I’ve read so many materials and listened to so many lectures about the virtues and benefits of adkaar, but it wasn’t until I started to consistently and actively implement it in my life that I noticed a huge difference. I knew about the benefits, but I did not fully internalize it. There’s a difference between knowing something versus internalizing something. To internalize something is to have an inward directed and deeper form of understanding of said something. 

Being On The Other Side Of Anxiety 

This is my sincere testimony about how adkaar healed me and changed my life—in addition to lifestyle alterations which is crucial. If anxiety is ruining your life, and you struggle with panic attacks, you experience physical pain induced by anxiety, excessive rumination, stuck in worst-case-scenario mode, anxiety induced insomnia, extreme fidgeting, feeling overwhelmed and drained,  etc.—start including adkaar to your daily regimen to help lessen and completely lift your anxiety. 
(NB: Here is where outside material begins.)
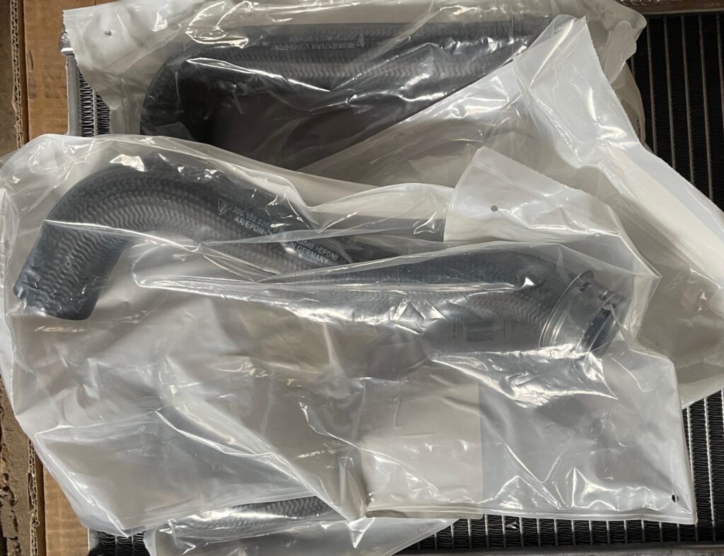 ラジエーター交換に伴い、インとアウト左右計4本のホースも刷新しました。ここで重要なのは、ホース類は「純正」を選んだことです。ゴムパーツのフィッティング精度や耐久性は、安価な社外品ではリスクが高い。ここは「安心」を金で買うべき部位だと判断しました。

Furthermore, eating meals with adequate nutrition, getting good quality sleep, moving your body,  not consuming anxiety inducing content (i.e. news), avoiding or putting boundaries with certain types of people who trigger your anxiety, and lastly addressing the root causes of your anxiety—ALL do wonders for your wellbeing and for overcoming your anxiety. Also be aware of numbing activities that you may be using to ease your anxiety–they are often short-lived and can turn into bad habits quickly. 

Sometimes you will suffer for a period until you arrive at certain conclusions that will potentially change your life for the better. One day it just clicked for me, when Allah is not front and center in my life, all hell breaks loose–utter pandemonium. When I try to make Allah front and center in my life–I find peace and calm; I feel safe and secure even in the midst of chaos and uncertainty. A feeling no drug can give, but delivered straight from the Divine. 
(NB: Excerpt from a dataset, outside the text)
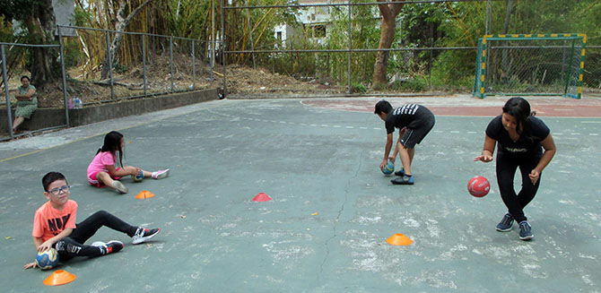 Niños que toman clases de balonmano en la Villa Centroamericana,

Many people live with crippling anxiety like I once did, and by Allah’s permission, guidance and mercy I was able to overcome it. The journey to peace and stillness was long, frustrating and nonlinear with various detours to temporary remedies. However I had to go through what I needed to go through to learn valuable lessons, and I am grateful. Ultimately it is Allah who heals all that ails us, and He is the Creator of the means by which we use for healing.   

I pray you overcome your struggle with anxiety, and sweet peace descends in your life and stays with you. 

Juweria

Juweria is one of the founding members of Abāyo House. She is a writer, editor and publisher. She has a bachelor’s degree in Communication Studies from MacEwan University in Alberta, Canada. Juweria is also a Qur’an and Arabic student, and is passionate about furthering her studies and unlocking the spiritual treasures of Islam. She has a decade and a half of experience in community engagement, advocacy, mentorship, and project development and management. Juweria’s life mission is to use her years of experience, training and education to serve and uplift the community, bring about positive change, and create opportunities.